▸ Assignment: Leave out every picture and set down, exactly, the lines below from the one holding "Александр Евгеньевич |" up to and including the one holding "Burgundy Blossom cork".

▸ Material for this exercise:
+--
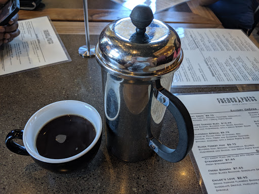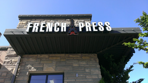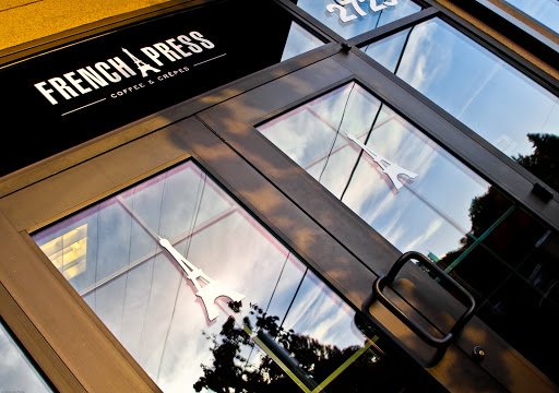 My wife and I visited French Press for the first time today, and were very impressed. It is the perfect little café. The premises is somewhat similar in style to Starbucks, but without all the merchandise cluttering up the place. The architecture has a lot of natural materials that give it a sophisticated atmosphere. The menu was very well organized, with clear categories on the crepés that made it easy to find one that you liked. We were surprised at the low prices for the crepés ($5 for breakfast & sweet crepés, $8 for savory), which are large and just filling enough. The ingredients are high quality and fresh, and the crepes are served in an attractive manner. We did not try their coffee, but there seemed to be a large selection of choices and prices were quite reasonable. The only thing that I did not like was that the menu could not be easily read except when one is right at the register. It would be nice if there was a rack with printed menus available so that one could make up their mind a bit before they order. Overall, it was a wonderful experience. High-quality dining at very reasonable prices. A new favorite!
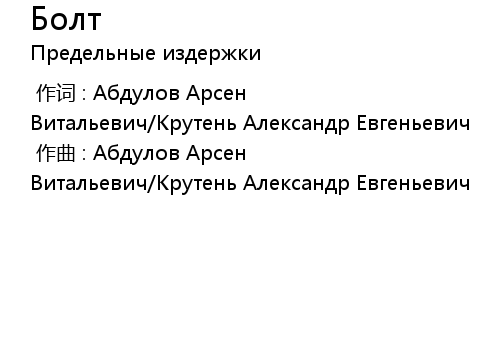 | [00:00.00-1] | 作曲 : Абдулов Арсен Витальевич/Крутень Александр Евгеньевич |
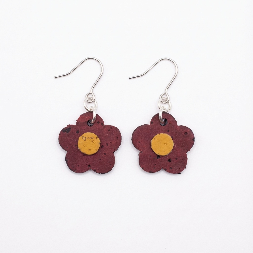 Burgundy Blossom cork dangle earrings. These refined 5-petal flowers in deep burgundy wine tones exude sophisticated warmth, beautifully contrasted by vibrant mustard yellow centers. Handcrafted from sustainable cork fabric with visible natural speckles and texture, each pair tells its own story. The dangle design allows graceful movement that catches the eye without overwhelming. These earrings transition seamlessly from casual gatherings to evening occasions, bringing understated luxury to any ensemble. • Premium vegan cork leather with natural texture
+--
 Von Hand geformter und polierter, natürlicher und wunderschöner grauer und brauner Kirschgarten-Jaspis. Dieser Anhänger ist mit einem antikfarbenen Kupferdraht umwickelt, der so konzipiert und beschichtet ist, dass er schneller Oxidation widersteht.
+--
▸ Your solution:
 | [00:00.00-1] | 作曲 : Абдулов Арсен Витальевич/Крутень Александр Евгеньевич |
 Burgundy Blossom cork dangle earrings. These refined 5-petal flowers in deep burgundy wine tones exude sophisticated warmth, beautifully contrasted by vibrant mustard yellow centers. Handcrafted from sustainable cork fabric with visible natural speckles and texture, each pair tells its own story. The dangle design allows graceful movement that catches the eye without overwhelming. These earrings transition seamlessly from casual gatherings to evening occasions, bringing understated luxury to any ensemble. • Premium vegan cork leather with natural texture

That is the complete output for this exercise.